Sonia Sotomayor: That's Entertainment!

Image The New York-based 2nd Circuit Court of Appeals handles more than its share of entertainment law disputes. So how does Judge Sonia Sotomayor stack up? Surely, Hollywood, among other places, will want to know.

Two cases, involving the gifted filmmaker Terrence Malick and the extraordinarily lovely Astrud (The Girl From Ipanema) Gilberto, show Sotomayor's approach. Though not as politically salient as her stance on abortion or law enforcement cases, previously analyzed here and here, these cases shed light.

In 2001, Sotomayor authored the decision in a copyright case brought by Gilberto against Frito-Lay. Already, Suits & Sentences is struggling not to choose sides.

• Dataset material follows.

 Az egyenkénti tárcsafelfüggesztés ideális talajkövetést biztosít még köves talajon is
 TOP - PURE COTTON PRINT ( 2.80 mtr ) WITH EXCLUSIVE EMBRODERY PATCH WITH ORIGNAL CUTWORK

Gilberto shot to fame in 1964 when she, her then-husband Joao Gilberto and saxophonist Stan Getz recorded "The Girl from Ipanema." Suits & Sentences will now pause to sigh and look wistfully off into the distance. Wrenched back into the present, we read that in 1996 Frito-Lay and its ad firm BBD&O Worldwide created an ad for "Baked Lay" potato chips. Sotomayor provides this deadpan summary:

"The ad shows several famous models reclining by a swimming pool. The 1964 recording of Ipanema plays in the background. As the camera pans from one model to the next, each looks crestfallen that the bag of Baked Lays in her hands is empty. The camera moves on to Miss Piggy, also reclining by the pool, who has been eating the chips and passing the empty bags to the models, while singing along with plaintiff's recording."

BBD&O paid more than $200,000 for various licenses, but apparently did not believe Gilberto retained any rights for the song. As Sotomayor noted, Gilberto did not compose the music, write the lyrics or produce the song. She was 24 years old at the time.

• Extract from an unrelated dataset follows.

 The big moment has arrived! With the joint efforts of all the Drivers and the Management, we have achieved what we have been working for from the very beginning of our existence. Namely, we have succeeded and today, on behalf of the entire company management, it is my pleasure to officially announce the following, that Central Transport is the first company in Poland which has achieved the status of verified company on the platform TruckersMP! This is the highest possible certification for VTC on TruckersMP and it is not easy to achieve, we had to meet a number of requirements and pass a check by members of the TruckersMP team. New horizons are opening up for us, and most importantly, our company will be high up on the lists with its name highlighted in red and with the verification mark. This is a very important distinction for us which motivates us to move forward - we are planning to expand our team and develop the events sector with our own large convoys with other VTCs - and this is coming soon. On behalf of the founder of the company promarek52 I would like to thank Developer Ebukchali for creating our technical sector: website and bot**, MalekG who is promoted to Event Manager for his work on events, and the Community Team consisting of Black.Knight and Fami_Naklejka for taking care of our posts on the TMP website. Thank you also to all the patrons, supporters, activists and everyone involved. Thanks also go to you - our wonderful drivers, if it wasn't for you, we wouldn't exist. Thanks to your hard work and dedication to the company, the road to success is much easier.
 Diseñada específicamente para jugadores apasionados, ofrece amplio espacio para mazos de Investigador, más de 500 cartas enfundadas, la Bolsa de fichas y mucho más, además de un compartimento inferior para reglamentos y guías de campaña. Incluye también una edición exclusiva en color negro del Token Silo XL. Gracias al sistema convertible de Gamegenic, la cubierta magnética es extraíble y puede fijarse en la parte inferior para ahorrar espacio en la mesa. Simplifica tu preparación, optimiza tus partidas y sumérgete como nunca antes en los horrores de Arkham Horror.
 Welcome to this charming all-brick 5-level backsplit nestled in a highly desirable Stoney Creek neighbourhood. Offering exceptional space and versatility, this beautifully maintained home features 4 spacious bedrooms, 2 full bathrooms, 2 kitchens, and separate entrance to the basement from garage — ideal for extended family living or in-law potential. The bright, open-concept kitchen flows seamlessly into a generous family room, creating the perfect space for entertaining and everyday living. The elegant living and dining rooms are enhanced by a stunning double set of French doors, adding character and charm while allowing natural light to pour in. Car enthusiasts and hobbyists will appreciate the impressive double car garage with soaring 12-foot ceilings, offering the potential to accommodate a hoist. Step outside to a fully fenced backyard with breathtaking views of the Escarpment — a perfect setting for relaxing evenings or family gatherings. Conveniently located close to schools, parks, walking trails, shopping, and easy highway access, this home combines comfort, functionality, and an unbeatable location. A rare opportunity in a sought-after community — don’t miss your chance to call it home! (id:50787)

Gilberto claimed, expansively, that her performance of the song amounted to an unregistered trademark. Significantly, Sotomayor concluded this was not an unreasonable argument. She stated:

"The fact that musical compositions are protected by the copyright laws is not incompatible with their also qualifying for protection as trademarks. Graphic designs, of course, may be protected by copyright; that does not make them ineligible for protection as trademarks."

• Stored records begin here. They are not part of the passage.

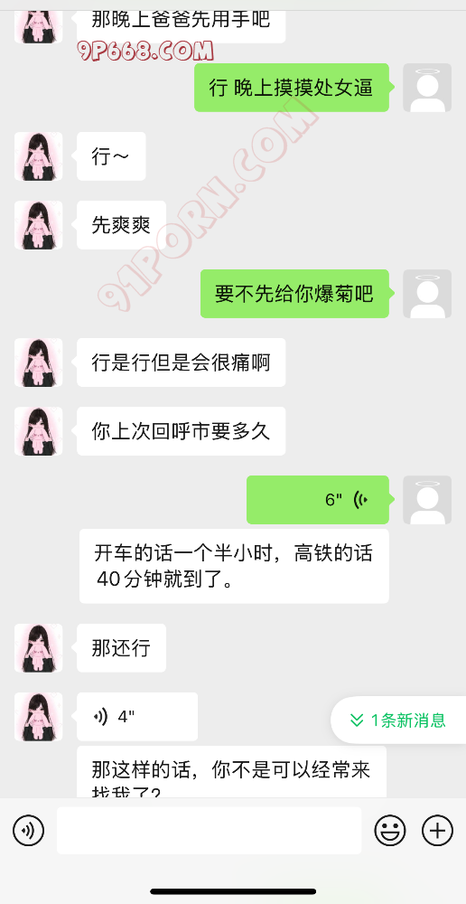 上次车里给我口完就回学校上课了,一直心心念念想让我给她破处,说想到给我口的画面上课的时候下面都会湿。端午节放假回家了第一时间约我,但我毕竟已婚,她又是个不谙世事的小姑娘,怕给她破了处以后缠上我,有点犹豫。晚上找了个借口没见面,又约我明天去宾馆开房,明天看情况吧。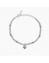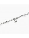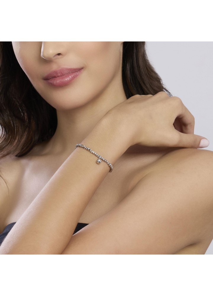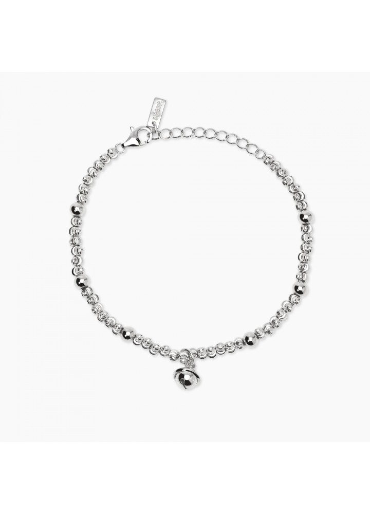 Bracciale regolabile in argento rodiato con sfere lucide e stirate, e ciondolo campanella.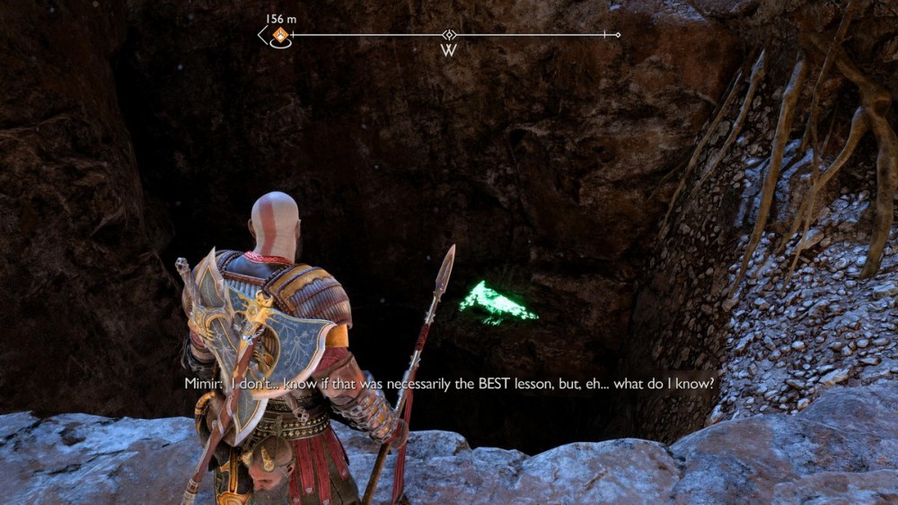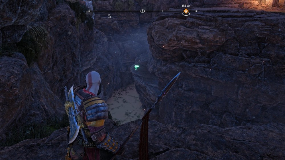 Now you are nearing the endgame of God of War Ragnarok, which is where the previously inaccessible area of The Crater and The Plains become a place you can visit. The Plains is a huge area, with a total of five Ravens to find. The first is just to the left of the chasm, on top of a cliff.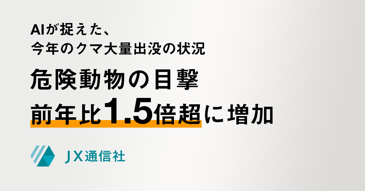 今月に入って、東北や北陸地方などを中心に、クマの市街地への出没や人身被害が相次いで報告されています。そこで、JX通信社では、SNS上のクマをはじめとする危険動物の情報を独自に収集・分析しました。分析にあたっては、クマを含む危険動物や災害、事故などの情報をAIで収集・分析するリスク情報サービス「FASTALERT」で収集した情報を用いました。

Nonetheless, Sotomayor agreed that Gilberto's trademark case should be dismissed. Simply singing is not sufficient to establish legal dominion. Sotomayor declares:

"The 'signature performance' that a widespread audience associates with the performing artist is not unique to Gilberto. Many famous artists have recorded such signature performances that their audiences identify with the performer. Yet in no instance was such a performer held to own a protected mark in that recording."

This was a major victory for advertising companies and anyone else who relies upon using other people's music. As Sotomayor noted, "immense unforseen liabilities" could start piling up if performing artists could begin filing trademark claims similar to those of Gilberto. Essentially, Sotomayor did not want to disrupt settled commercial expectations.

Note to the Senate Judiciary Committee Republicans: Business friendly!

On the other hand, Sotomayor sided with Gilberto in agreeing that she might have a "right of publicity" complaint. The fact that Gilberto lacked a contract at the time she recorded the song does not mean she consented to public release of the recording.

Note to Hollywood: Artist friendly!

In June 2004, Sotomayor was part of a three-judge panel considering a battle over Malick's very fine but flawed World War II movie "The Thin Red Line." Sotomayor's colleague, Judge Richard Cardamone, kicks offs the action:

"As this case illustrates, chicanery is no stranger to some of those engaged in the film industry."

It's funny because it's true! The case revolves around a limited partnership called Briarpatch, established to "develop, produce, present, and exploit" entertainment projects.  A gentleman named Gerard Rubin contributed money, which Briarpatch used both to buy the movie rights to James Jones' novel and to pay Malick to write a screenplay. Two other gentlemen, Messrs. Geisler and Roberdeau, then sold the rights to Phoenix Pictures, which Cardamone said "earned a substantial profit" from Malick's film.

Which is funny, because Suits & Sentences always had the impression that "The Thin Red Line" did not do well at the box office.

Rubin claimed Geisler and Roberdeau had maneuvered his money out of reach, and a state court agreed that "Geisler and Roberdeau had converted $1.5 million from the proceeds they received for 'The Thin Red Line." Rubin followed up with another lawsuit, which Geisler and Roberdeau sought to shift from state court (where Rubin had won earlier case) into federal court.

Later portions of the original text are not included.